The broadcaster and naturalist David Attenborough has described the Missionaries and Idols of Polynesia exhibition at the Brunei gallery in London’s School of Oriental and African Studies (Soas) as “profoundly emotionally moving, from every point of view” (until 26 September).
The feather gods of Tahiti, and other largely unseen Polynesian idols and artefacts collected by British missionaries are included in a unique, but overlooked exhibition, that opened on 9 July. The show represents the lifetime’s work of a 73-year-old Californian collector, David Shaw King. King is a chemistry professor at the University of California, Berkeley, with a passion for island culture inspired by his own childhood in the West Indies.
Items, from Tahiti to the Cook Islands, range from carved fan handles with double-headed figures, to an octopus lure made of cowrie shells, as well as the first dictionary of the Tahitian language, and the "feather gods". Seemingly insignificant clusters of feathers and wood bound with sennit, or coconut string, with no hint of human figuration, these idols are “absolutely foreign to the Western eye”, King says.
Most of the artefacts, drawn from his own collection, Soas, the British Museum (BM) and other institutions, have not been shown for at least 125 years, if ever.
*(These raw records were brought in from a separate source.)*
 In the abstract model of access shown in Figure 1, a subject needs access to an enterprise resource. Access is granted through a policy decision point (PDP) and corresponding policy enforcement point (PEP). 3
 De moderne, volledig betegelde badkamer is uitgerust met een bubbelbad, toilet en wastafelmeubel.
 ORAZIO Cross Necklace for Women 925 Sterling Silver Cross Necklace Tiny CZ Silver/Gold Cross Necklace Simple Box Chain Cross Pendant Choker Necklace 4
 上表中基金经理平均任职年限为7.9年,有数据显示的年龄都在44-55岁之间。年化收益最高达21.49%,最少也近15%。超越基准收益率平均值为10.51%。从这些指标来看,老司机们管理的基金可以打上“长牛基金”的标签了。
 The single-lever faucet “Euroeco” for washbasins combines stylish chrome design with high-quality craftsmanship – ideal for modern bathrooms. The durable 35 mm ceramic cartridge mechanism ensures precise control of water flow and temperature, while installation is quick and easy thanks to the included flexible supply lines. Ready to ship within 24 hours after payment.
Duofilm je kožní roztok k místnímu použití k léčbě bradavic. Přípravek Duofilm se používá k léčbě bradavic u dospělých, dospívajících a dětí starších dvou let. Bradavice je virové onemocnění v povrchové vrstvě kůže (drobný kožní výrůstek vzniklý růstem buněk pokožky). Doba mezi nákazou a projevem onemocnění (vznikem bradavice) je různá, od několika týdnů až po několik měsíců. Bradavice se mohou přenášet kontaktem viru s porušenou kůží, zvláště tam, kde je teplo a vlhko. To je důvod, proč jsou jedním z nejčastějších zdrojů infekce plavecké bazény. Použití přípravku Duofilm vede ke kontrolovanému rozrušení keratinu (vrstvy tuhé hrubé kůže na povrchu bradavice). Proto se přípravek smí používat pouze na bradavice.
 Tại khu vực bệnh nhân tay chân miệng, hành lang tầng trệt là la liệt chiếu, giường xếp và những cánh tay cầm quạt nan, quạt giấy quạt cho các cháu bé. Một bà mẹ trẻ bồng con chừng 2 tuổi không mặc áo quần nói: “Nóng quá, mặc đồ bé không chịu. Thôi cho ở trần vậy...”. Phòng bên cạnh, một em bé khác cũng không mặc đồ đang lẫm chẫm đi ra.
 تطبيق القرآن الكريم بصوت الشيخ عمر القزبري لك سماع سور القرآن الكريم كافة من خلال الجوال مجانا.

Included are three pieces that were de-accessioned by the BM over forty years ago, when indigenous pieces had a fraction of the value they have today. Attenborough has also lent two items to the show: a stone adze (tool) with a black basalt blade, and an account of the voyage of the missionary ship Duff to Tahiti.
The exhibition hinges on the story of the London Missionary Society—which bought and equipped the Duff to send 30 missionaries to convert, and clothe, the heathen islanders in 1797. It was at the urging of Tahiti’s King Pomare that they took “foolish” idols and artefacts home, to show British audiences, rather than simply burning them.
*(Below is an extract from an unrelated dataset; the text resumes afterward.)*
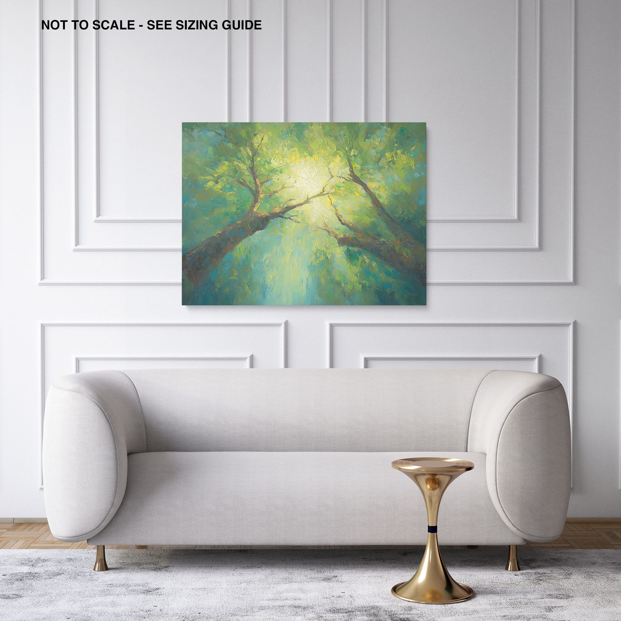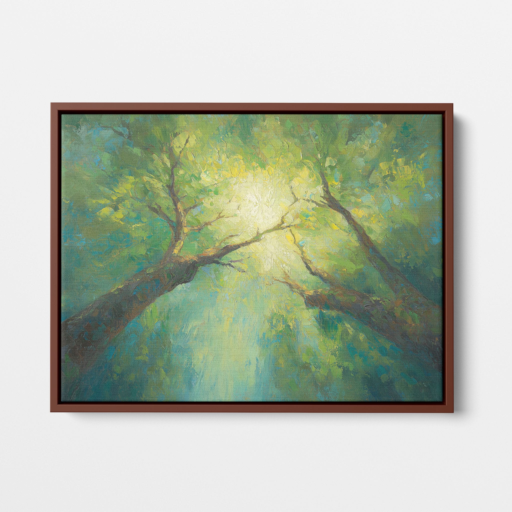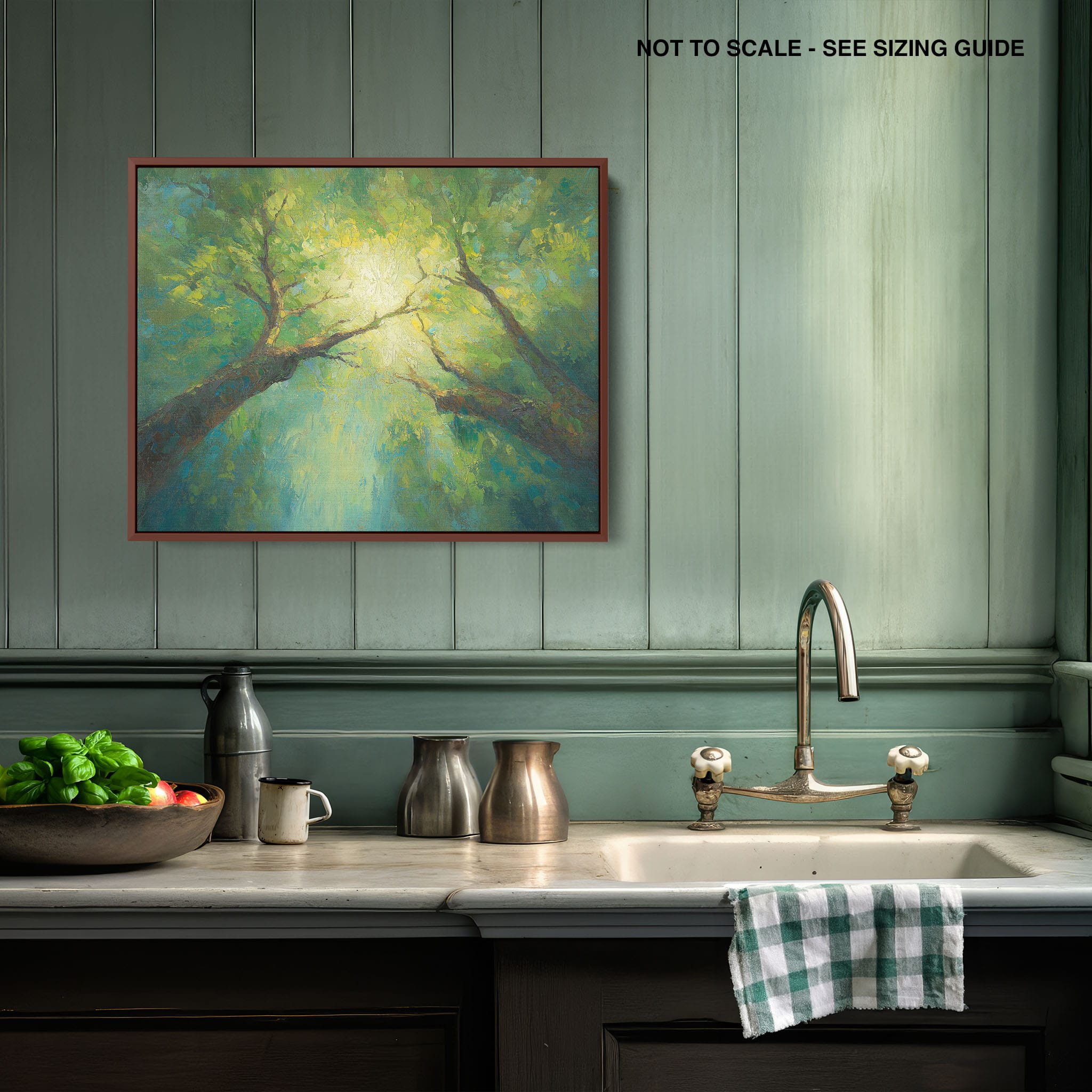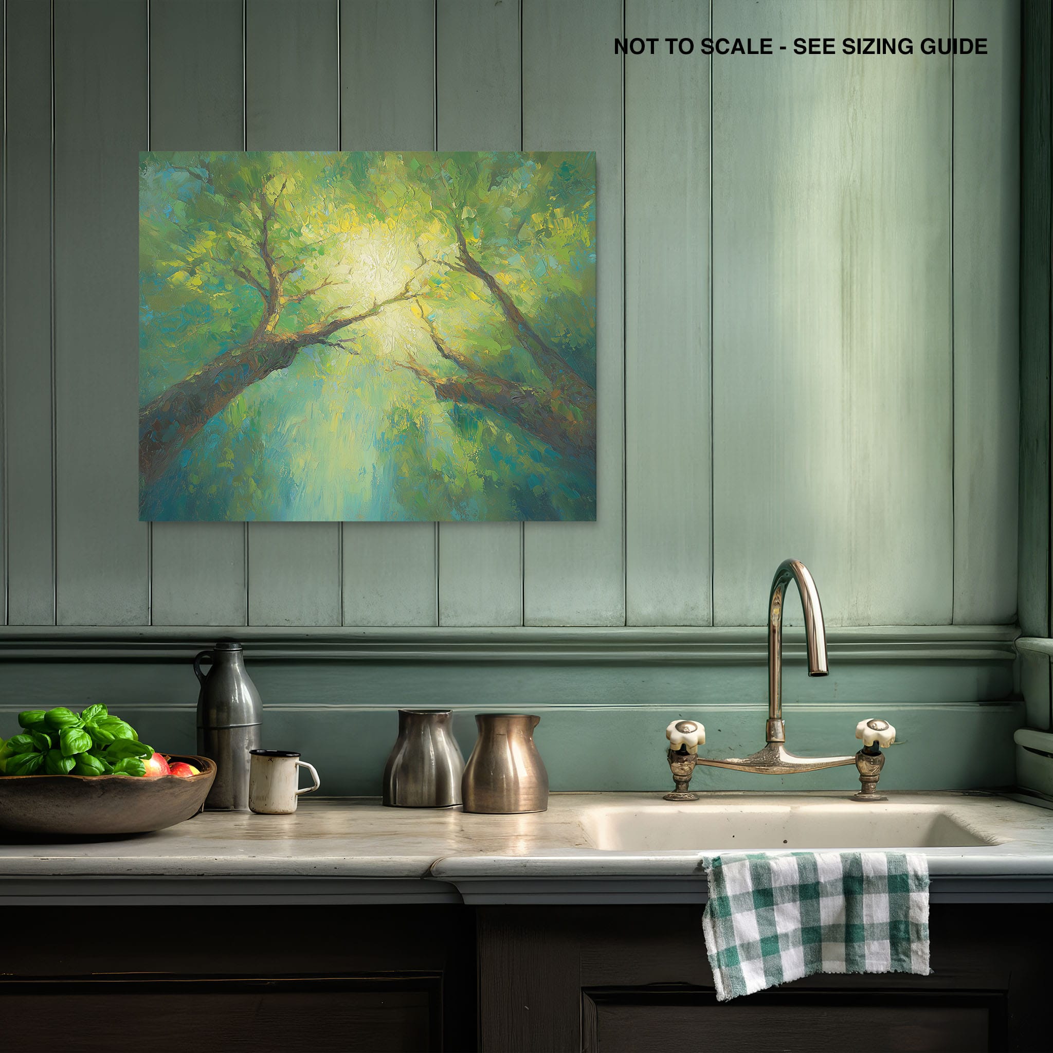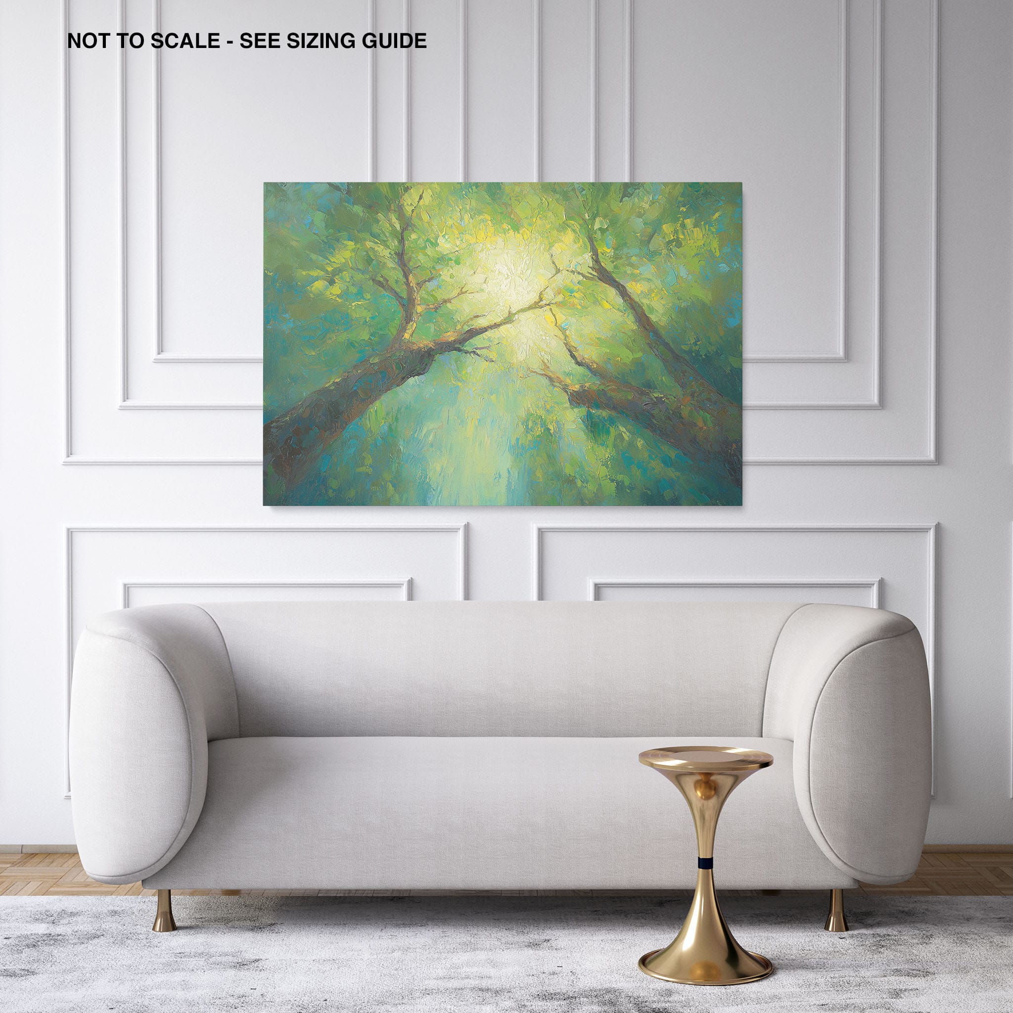 This painting captures a dynamic play of light and shadow through a lush, green landscape, depicted with abstract, thick brushstrokes typical of Impressionist technique. Evoking a mid-morning radiance peeking through richly textured tree canopies, the artwork invites viewers into a serene, verdant world. Perfect for bringing a touch of calm elegance to any living space, this art piece appeals to those who appreciate nature's beauty meticulously rendered through expressive, vibrant hues and discernible forms, enhancing any art collection with a serene yet illustrative quality.

Bent on breaking natives of so-called “sinfulness”—from naked dancing to infanticide—the missionaries “learned a great deal about the culture. On the one hand, they came to annihilate it, on the other hand some of them were very good ethnographers,” says King. “They brought back the very idols they went to destroy.”
“One of the things [the exhibition] tells us is that the missionaries were just as extraordinary as the people they were ‘missionarising’,” Attenborough says. “They were dogged, genuine, sincere people, and people of enormous resource.”